You and me, thought Isobel. But Frank had been decent to her. More than the others. No reason to embarrass the man.
“Good luck with your acting,” he said.
“Thanks. You, too,” said Isobel. “I mean, with your new job.”
Frank touched his hand to his hat in a strangely old-fashioned gesture and left. Isobel checked the time and was surprised to see it was later than she thought. Almost five, and there were still plenty of papers to sort through. It occurred to her that it might make sense to stay after everyone else had gone and warm up in the ladies’ room. Dashing around town during rush hour in punishing rain with no umbrella wasn’t the best way to prepare for an audition, and if she went straight from the office, it was only two quick stops on the subway. Besides, she couldn’t remember which shift Delphi was working tonight, and Isobel still hadn’t told her about the audition. She was glad some instinct had made her bring her music to work. As long as everyone else left on time, she could linger, finish sorting, and have the place more or less to herself.
At quarter past five, Paula appeared at Isobel’s desk, her raincoat slung over her arm.
“I’d like to say it’s been a pleasure, but of course, it hasn’t.” Paula made no attempt to disguise her sneer.
Isobel returned her gaze coldly. “Good luck. I hear it’s lonely in the middle.”
Without another word, Paula turned on her heel and strode down the hall.
I’ve never been so happy to see anybody’s ass in my life, Isobel thought, casting her mind back to her very first day and the floral skirt Paula had been wearing. It reminded her of the security photo Detective Kozinski had shown her of a woman leaving the building in a floral skirt. As far as Isobel knew, she had never been identified. A wisp of a thought fluttered along the outer edge of her mind, a flash of half-delineated insight that didn’t alight long enough for her to grasp it. She closed her eyes and tried to bring it back, but it had vanished.
Down the hall, more people were abandoning their cubicles for the weekend, although the lights were still on in some side offices. Another advantage to staying late was that she’d be able to squeeze out a few extra billable hours on her last day. InterBank Switzerland supports the arts, she thought with some satisfaction. And who knew how long it would be before James sent her out again?
James! She had completely forgotten to call him back.
She grabbed the phone and dialed Temp Zone.
“Hello, this is James Cooke, and you’ve reached my voice mail…”
Oh well, she thought, replacing the receiver. She’d have to wait until Monday to hear whatever it was he wanted to tell her. There was no way she was going to call his cell phone again. Not after the last time.
By six fifteen, she had reduced the contents of Frank’s boxes to two medium-sized piles. As she carried Paula’s pile to her office, Isobel realized that this was the first time she’d actually been inside. It was perversely clean. The desk was neatly organized, and every book was lined up precisely one inch from the edge of the bookshelves. Several C-level business magazines, a testament to Paula’s not-so-secret ambitions, lay on a small table, fanned out like they might be in a doctor’s office before bored or nervous patients had scattered them about. Isobel was struck with the urge to vandalize the room, but she resisted. Paula was her own punishment.
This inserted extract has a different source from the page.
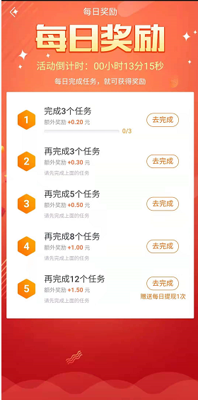 趣闲赚app新人完成新人任务奖励3元(仅限新人,只有一周时间,过期就没了),每日奖励则是每日都有,但是每天晚上12点重新计算,同时还有分红,通过完成任务可以获得积分分红,完成的任务越多则分红就越多,这些都是额外的奖励,不拿白不拿
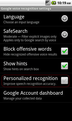Google為Android系統(tǒng)制作的語音搜索功能是一款非常好用的軟件,當用戶不方便進行文字輸入時可以進行語音輸入方便的進行移動搜索。在兩年前語音搜索問世時,Google確定的方向是兼容更多的聲音,無論性別、年齡、口音、音調(diào)、節(jié)奏等等因素影響下發(fā)出的聲音都能最大限度的在語音搜索中進行識別,這種方式雖然可以為大部分用戶提供服務(wù),但是在方言識別方便仍不能讓用戶滿意。

Instead, she tossed her stack of papers sloppily on the desk. She smiled to herself and turned to leave.
Through the half-open doorway, she glimpsed Conchita emerging from Stan’s office. She hadn’t realized Conchita was still here. In no mood for another snarky good-bye, Isobel lurked behind Paula’s door and watched as Conchita shut down her computer, gathered up her things, sent a quick prayer heavenward, then wiped her eyes and headed down the corridor.
Isobel waited another moment before she left Paula’s office and returned to her own desk. She could hear the quiet murmur of conversation down the hall, interrupted by a spike of hearty laughter. The office had an oddly homey atmosphere after hours, as if it, too, were relaxing and lightening up for the weekend. She collected Frank’s papers and followed Conchita’s path toward the glass door and the elevators. Three men were lingering by the cubicles, including the stout, bearded man who had been rude to her on her first day.
“They’re finally moving me away from the goddamn traffic,” he was saying.
“Good thing, too,” Isobel said, as she passed by.
“What the—?”
While she waited for the elevator, she reflected on her time at InterBank. It had certainly been an education, in more ways than one. At least she’d be better prepared for her next assignment.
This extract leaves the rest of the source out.